WATCH: Australia’s own teen lesbian rom-com is coming to cinemas

ellie and abbie and abbie's dead aunt lesbian rom com brisbane queer film festival romantic comedy australian film
Photo: Brisbane Queer Film Festival

Heartfelt and hilarious Australian lesbian rom-com Ellie and Abbie (& Ellie’s Dead Aunt) is opening in Australian cinemas this month.

The queer film sees school captain Ellie fall for rebellious classmate Abbie. However teen awkwardness and angst get in the way of her plan to ask Abbie to the year 12 formal.

Then, Ellie is visited by the ghost of her late aunt Tara, a lesbian activist who died in the 1980s.
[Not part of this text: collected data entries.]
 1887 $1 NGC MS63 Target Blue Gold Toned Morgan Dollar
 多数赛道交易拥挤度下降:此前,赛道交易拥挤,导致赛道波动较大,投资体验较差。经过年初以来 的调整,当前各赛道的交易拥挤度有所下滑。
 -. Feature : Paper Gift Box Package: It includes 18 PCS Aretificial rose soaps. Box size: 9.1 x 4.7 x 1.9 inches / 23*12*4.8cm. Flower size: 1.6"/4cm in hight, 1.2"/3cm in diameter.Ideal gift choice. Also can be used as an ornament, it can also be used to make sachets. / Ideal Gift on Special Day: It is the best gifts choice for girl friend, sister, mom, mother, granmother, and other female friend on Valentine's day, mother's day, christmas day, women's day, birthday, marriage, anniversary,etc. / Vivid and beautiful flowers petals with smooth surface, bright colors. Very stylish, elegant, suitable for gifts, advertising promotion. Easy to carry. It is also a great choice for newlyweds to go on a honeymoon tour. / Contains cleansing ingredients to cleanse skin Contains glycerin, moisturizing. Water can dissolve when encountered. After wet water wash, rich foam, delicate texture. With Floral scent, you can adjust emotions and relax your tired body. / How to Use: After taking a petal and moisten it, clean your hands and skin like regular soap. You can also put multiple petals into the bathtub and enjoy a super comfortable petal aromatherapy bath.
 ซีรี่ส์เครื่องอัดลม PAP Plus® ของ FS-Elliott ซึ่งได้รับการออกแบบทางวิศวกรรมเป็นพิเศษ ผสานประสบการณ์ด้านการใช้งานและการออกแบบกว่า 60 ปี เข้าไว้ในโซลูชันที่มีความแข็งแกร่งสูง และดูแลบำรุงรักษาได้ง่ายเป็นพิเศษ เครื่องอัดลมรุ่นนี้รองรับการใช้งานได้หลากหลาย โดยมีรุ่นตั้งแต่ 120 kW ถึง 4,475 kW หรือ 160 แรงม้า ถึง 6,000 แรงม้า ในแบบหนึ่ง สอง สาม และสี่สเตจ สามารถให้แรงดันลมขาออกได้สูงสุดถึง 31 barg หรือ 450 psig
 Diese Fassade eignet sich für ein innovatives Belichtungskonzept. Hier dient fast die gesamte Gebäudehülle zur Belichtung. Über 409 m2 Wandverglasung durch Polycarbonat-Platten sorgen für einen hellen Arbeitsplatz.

Tara acts as a “fairy godmother” of sorts for the teenager.

Ellie and Abbie debuted at the Mardi Gras Film Festival in February, and won the Audience Award for best feature.

It’s also proved a hit at film festivals with screenings around the country, and is opening in select cinemas next Thursday (November 19).
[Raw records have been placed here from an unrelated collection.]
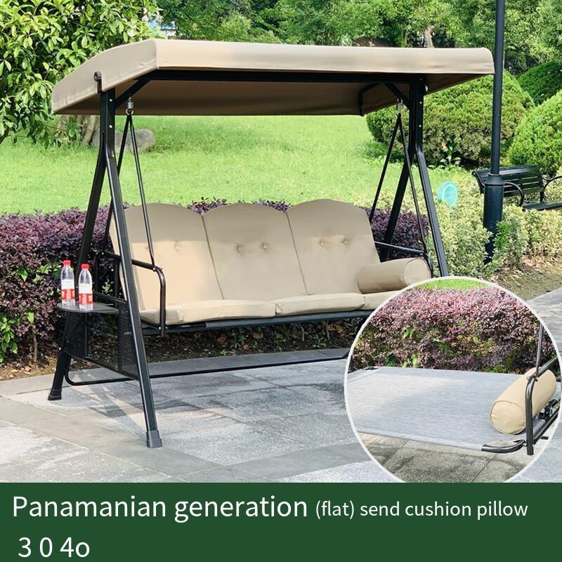 Outdoor Swing Hanging Chair Courtyard Double Rocking Iron Inner Basket Rattan Balcony Household Khaki Panama Third Generation (three Person) Dual-purpose Model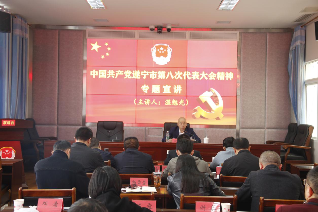 宣讲会上,温勉光从深刻领会遂宁中华人民共和国成立以来发展历程中的辉煌成就、准确把握遂宁发展面临的矛盾、问题和困难、准确把握遂宁未来发展的目标和思路、全力推动党代会各项部署落地落实四个方面进行了主题宣讲。宣讲报告脉络清晰、深入浅出地讲述了过去五年来遂宁的快速发展,讲清了今后五年遂宁筑“三城”兴“三都”、实施“六大对标竞进行动”,加速升腾“成渝之星”的宏伟蓝图,对学习贯彻落实市第八次党代会精神具有很强的指导性和针对性,参会人员倍受鼓舞。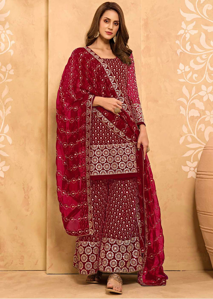 Cerise Pink Georgette Metti with Zari work Sharara Suit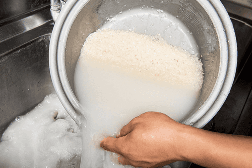 Рис основательно промыть в холодной воде — пять, а то и шесть раз, пока вода не перестанет быть мутной и станет полностью прозрачной. Промывая, рис не нужно сильно тереть, чтобы рисинки не ломались: надо просто перебирать его, помешивая, рукой.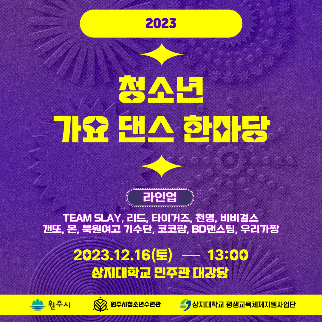 16일(토) 오후 1시, 상지대학교 민주관 3층 대강당에서 만나요!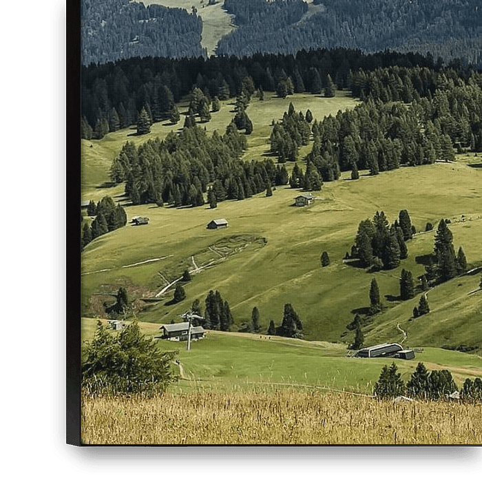 Buy this landscape artwork The Alpe di Siusi with Sassolungo, Sassopiatto and Sella by Martina Weidner on canvas, ArtFrame, poster and wallpaper, printed on demand in high quality.
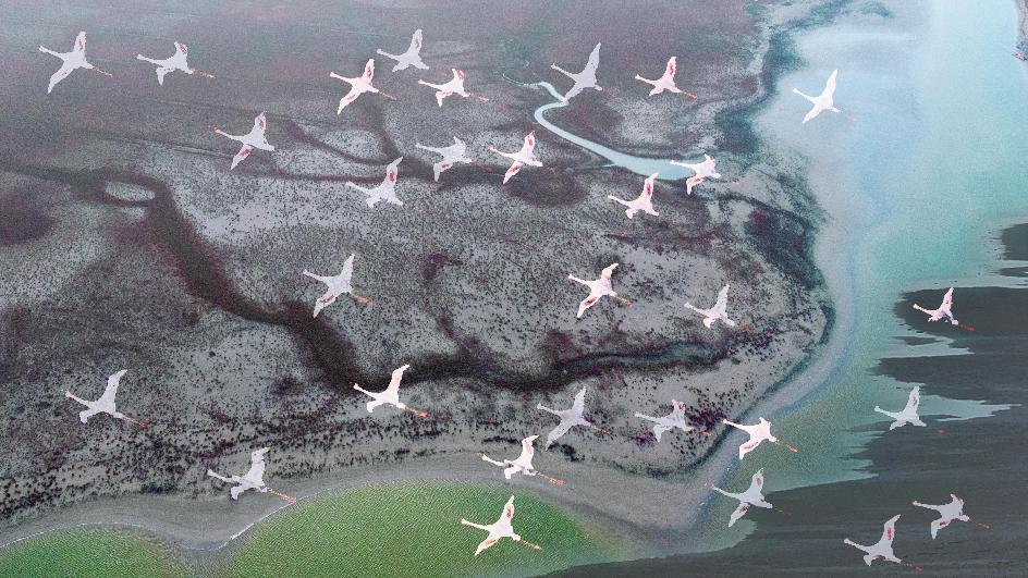 图为作品《翩迁火烈鸟》

Filmmaker Monica Zanetti has adapted the movie from her own stage play of the same name.

Young stars Sophie Hawkshaw (Love Child) and Zoe Terakes (Wentworth) play the titular couple Allie and Abbie.

They’re joined by an all-star ensemble cast including Janet King‘s Marta Dusseldorp, Hunt for the Wilderpeople’s Rachel House and Starting from… Now‘s Julia Billington.
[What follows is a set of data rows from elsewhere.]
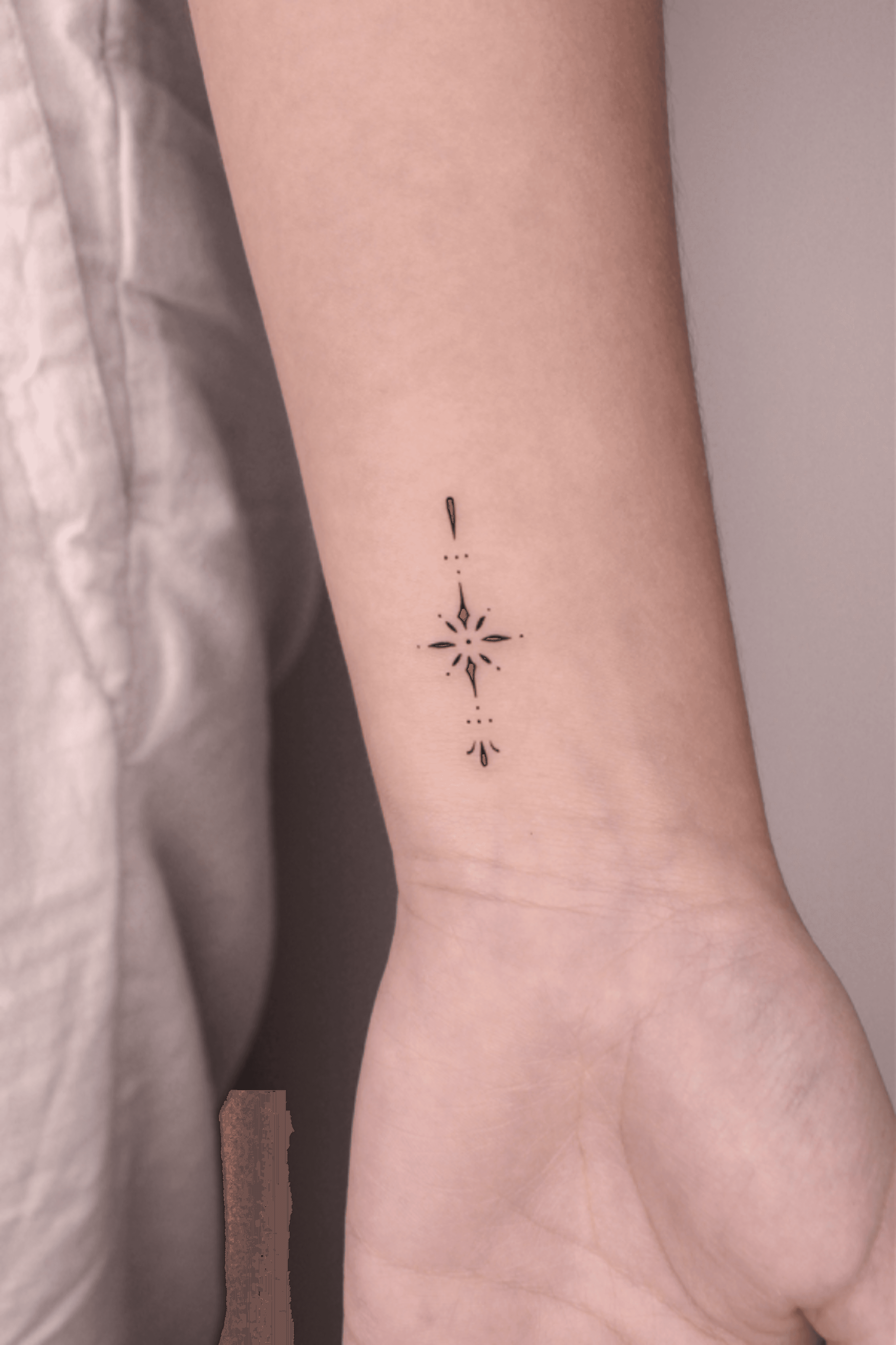 The tattoo features a small star design, with a vertical dotted line. The style of the tattoo is minimal.
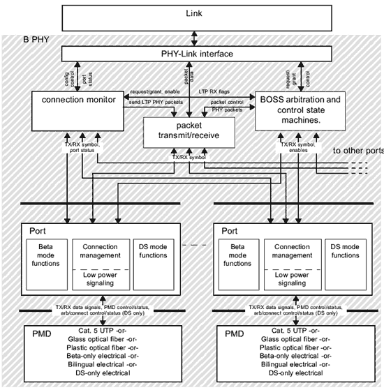 Главное, что обещают в 1394b, это появление новых скоростей, в 800 и 1600 мегабит в секунду (возможно, и 3200 мбит/сек), и увеличение максимальной длины кабеля до 50, 70 и даже до 100 метров. Изменились разъёмы, которые могут использоваться, и кабели. В 1394b могут применяться даже простые UTP кабели 5 категории, но только на скоростях до 100 мбит/сек. Для достижения максимальных скоростей на максимальных расстояниях предусмотрено использование оптики (fiber optics), пластмассовой - для длины до 50 метров, и стеклянной - для длин до 100 метров. Архитектура 1394b устройства выглядит так: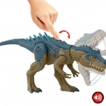 It also includes an attack-movement feature — press the button to trigger head and jaw action, enhanced by realistic dinosaur sounds that boost the atmosphere. A pull-out scan tag is hidden in the body; scan it in the JURASSIC WORLD app to unlock digital content and expand your adventures.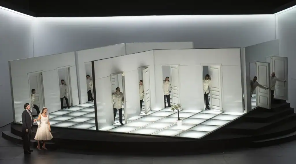 Damiano Michieletto interpreteert Il Cappello di paglia di Firenze terecht als een “folle journée” à la Nozze di Figaro van Mozart. Hij zorgt in zijn regie voor verrassing en vaart en het decor is daar perfect aan aangepast. Het verhaal is op zich kleurrijk genoeg om het kraak witte decor te verdragen. Belangrijkste kenmerk is de wendbaarheid en beweeglijkheid van de wanden en de vele deuren. Soms neemt het stuk de stijl van een deurenkomedie aan. De personages gedragen zich zeer vlot en levendig. Hoe verscheurd Fadinard bij sommige gebeurtenissen ook is, hij verliest er de moed niet bij en blijft een naïeve hoop koesteren dat hij met het kleine restje van de hoed, uiteindelijk de juiste strooien hoed “van Firenze”! zal vinden.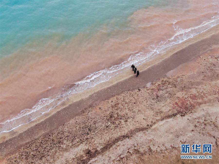 在可可西里索南達(dá)杰保護(hù)站管護(hù)區(qū)域內(nèi)的湖泊附近,龍周才加(中)與隊(duì)友才仁多杰(左)、王文豪在巡視(6月30日攝,無(wú)人機(jī)照片)。新華社記者張龍攝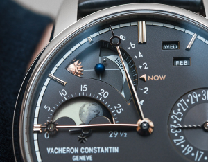 Sul fronte è la visualizzazione del calendario perpetuo. La data viene visualizzata con un datario puntatore attraverso un sub-quadrante a ore 3. Una mano ondulata rende facile leggere la data. Il mese e il giorno sono indicate da piccola apertura da 1 replica orologio e il display anno bisestile è solo a destra del sub-quadrante di data. Sotto la data si dispone di una sezione con un disco che mostra la i segni dello zodiaco, le stagioni, Equinox e solstizio.

‘Ellie and Abbie’ combines romantic comedy and drama

Monica Zanetti spoke to of the lack of same-sex rom-coms when she was growing up, particularly family-friendly films.

“My experience of coming out was similar in some ways to Ellie’s experience,” she said.

“I realised I liked someone, and I was so excited about that. I had this wonderfully supportive experience from my parents at the time.

“But as much as I wanted to write a really simple lesbian rom-com – because their really aren’t any in Australia – I couldn’t without acknowledging the people that have come before.”

Zanetti incorporated that history through the character of Tara, played by Billington. She said her openly gay uncle partly inspired the character.

“He lived openly my whole life, but he came out in the 1950s or 60s,” she said.

“He lived very true to himself in a time when I know how incredibly hard that would’ve been.

“Tara is fictional but she’s based on that knowledge that I had an easier time because of those who forged this path.”